*** Information given

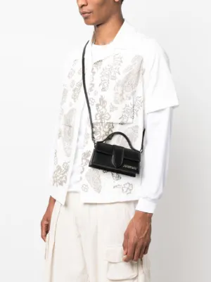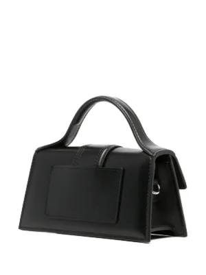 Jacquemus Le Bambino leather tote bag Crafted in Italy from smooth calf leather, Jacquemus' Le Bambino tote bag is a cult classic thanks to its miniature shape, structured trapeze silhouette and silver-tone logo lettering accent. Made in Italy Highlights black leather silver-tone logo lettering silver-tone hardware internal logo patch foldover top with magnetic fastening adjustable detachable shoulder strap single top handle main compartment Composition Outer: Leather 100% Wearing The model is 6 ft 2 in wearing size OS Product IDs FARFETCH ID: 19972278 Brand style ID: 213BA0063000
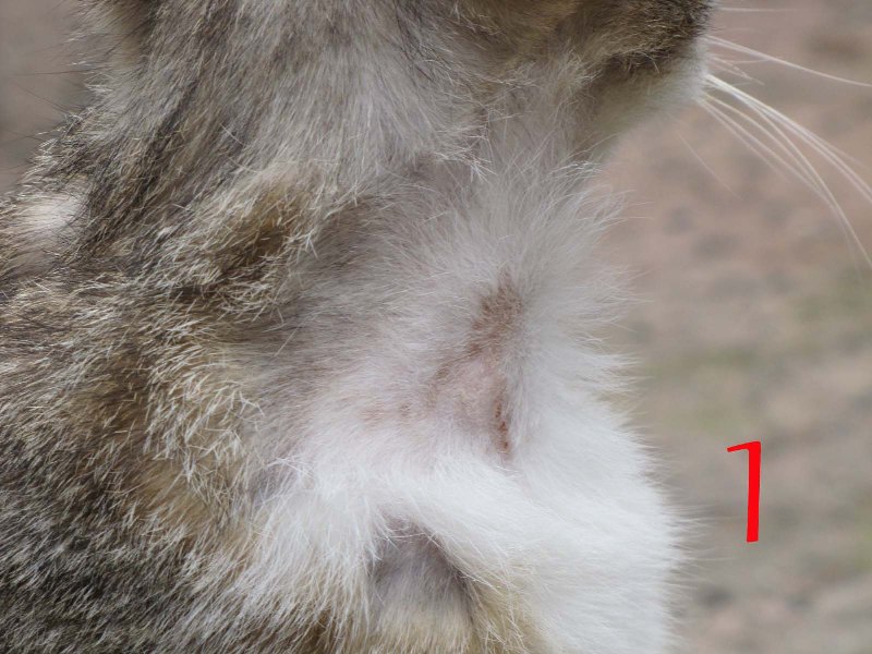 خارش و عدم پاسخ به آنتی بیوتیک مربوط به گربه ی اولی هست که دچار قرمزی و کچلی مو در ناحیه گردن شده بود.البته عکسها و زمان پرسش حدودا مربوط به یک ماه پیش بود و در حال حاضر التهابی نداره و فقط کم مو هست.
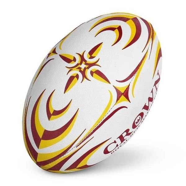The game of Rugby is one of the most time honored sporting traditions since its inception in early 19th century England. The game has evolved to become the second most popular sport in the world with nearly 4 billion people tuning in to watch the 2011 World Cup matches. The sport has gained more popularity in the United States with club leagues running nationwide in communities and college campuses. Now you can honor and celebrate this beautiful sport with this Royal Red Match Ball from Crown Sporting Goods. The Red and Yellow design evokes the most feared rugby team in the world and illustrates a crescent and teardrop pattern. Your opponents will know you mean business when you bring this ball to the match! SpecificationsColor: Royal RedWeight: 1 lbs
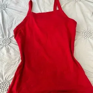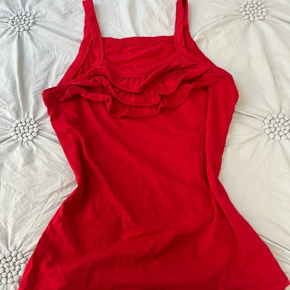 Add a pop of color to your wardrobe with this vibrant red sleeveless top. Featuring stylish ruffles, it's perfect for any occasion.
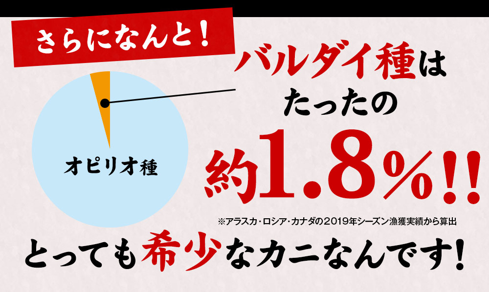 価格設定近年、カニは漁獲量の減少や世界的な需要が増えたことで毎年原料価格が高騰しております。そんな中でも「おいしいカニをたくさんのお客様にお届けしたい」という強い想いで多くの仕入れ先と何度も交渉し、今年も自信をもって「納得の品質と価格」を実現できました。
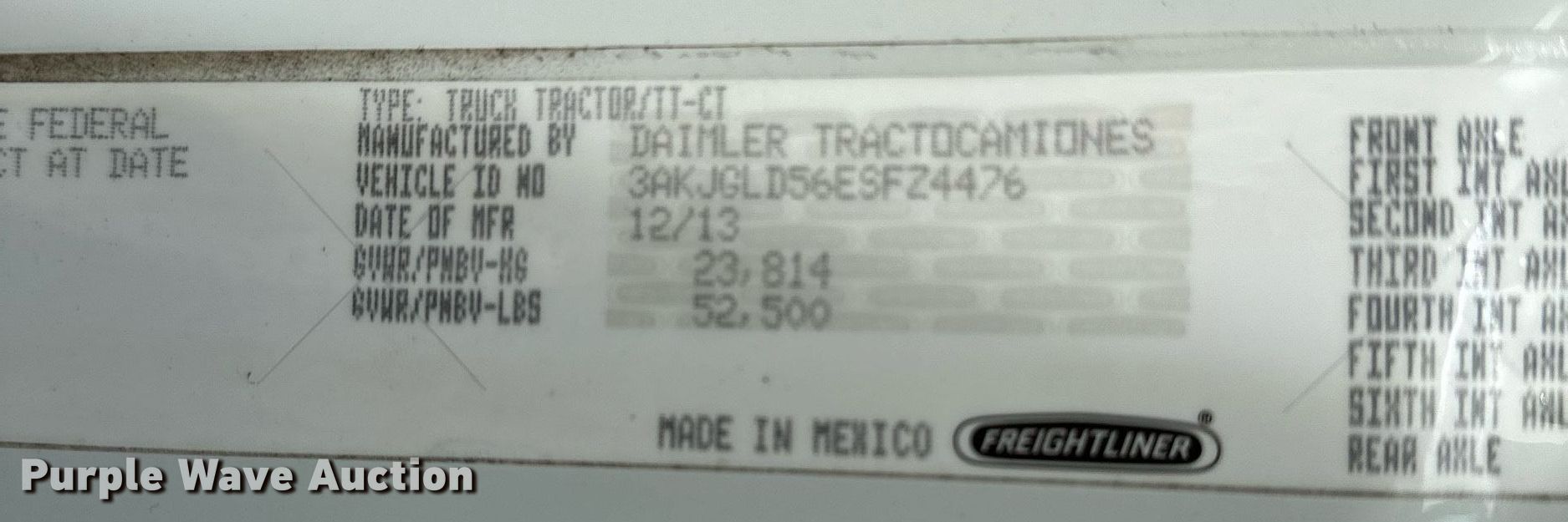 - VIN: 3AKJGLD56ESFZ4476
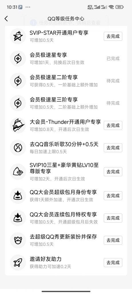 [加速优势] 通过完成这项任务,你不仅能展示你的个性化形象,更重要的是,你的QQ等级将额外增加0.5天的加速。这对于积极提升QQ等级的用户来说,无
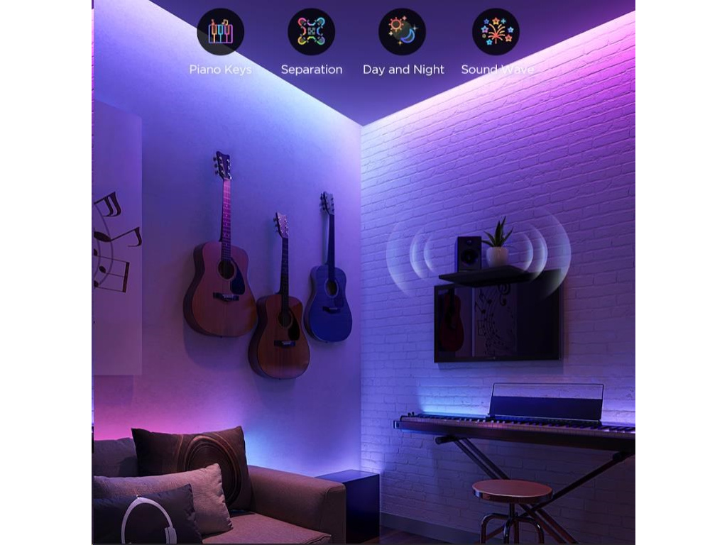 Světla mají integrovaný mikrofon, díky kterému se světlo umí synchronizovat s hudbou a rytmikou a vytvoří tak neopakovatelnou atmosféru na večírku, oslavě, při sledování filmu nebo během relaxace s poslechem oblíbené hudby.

******
*** Information given

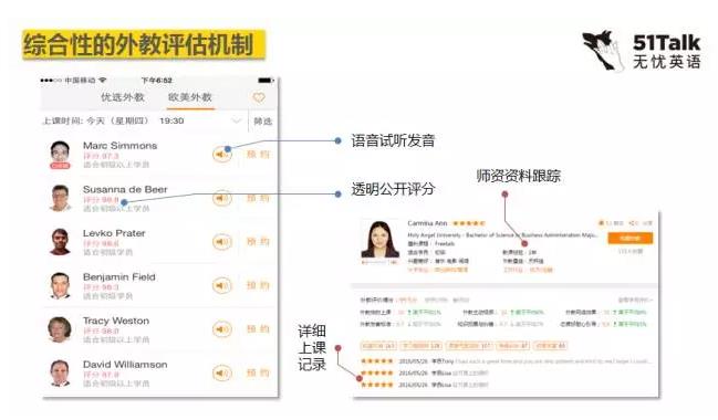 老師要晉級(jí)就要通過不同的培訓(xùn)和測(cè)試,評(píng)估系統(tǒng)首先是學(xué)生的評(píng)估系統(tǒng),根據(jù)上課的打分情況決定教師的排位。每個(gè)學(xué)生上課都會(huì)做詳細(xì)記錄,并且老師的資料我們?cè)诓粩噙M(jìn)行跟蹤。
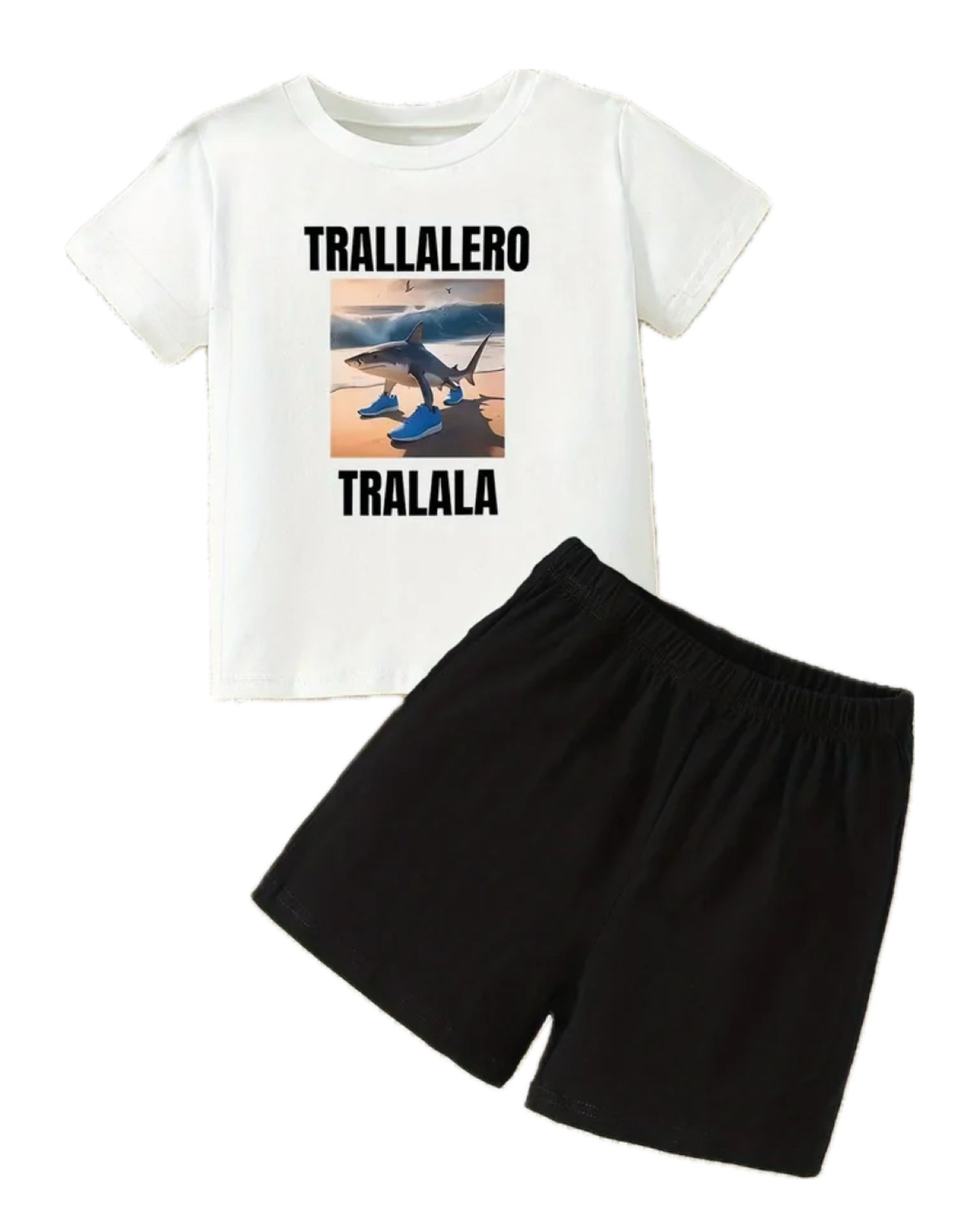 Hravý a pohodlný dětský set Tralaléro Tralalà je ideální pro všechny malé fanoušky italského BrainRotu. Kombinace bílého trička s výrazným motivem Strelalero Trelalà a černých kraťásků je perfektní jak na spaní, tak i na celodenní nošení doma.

******

What to do: Of the lines above, quote exactly those from the one with "Jacquemus Le Bambino" through the one with "خارش و عدم پاسخ", ends included; pictures stay out.

Problem solution:
 Jacquemus Le Bambino leather tote bag Crafted in Italy from smooth calf leather, Jacquemus' Le Bambino tote bag is a cult classic thanks to its miniature shape, structured trapeze silhouette and silver-tone logo lettering accent. Made in Italy Highlights black leather silver-tone logo lettering silver-tone hardware internal logo patch foldover top with magnetic fastening adjustable detachable shoulder strap single top handle main compartment Composition Outer: Leather 100% Wearing The model is 6 ft 2 in wearing size OS Product IDs FARFETCH ID: 19972278 Brand style ID: 213BA0063000
 خارش و عدم پاسخ به آنتی بیوتیک مربوط به گربه ی اولی هست که دچار قرمزی و کچلی مو در ناحیه گردن شده بود.البته عکسها و زمان پرسش حدودا مربوط به یک ماه پیش بود و در حال حاضر التهابی نداره و فقط کم مو هست.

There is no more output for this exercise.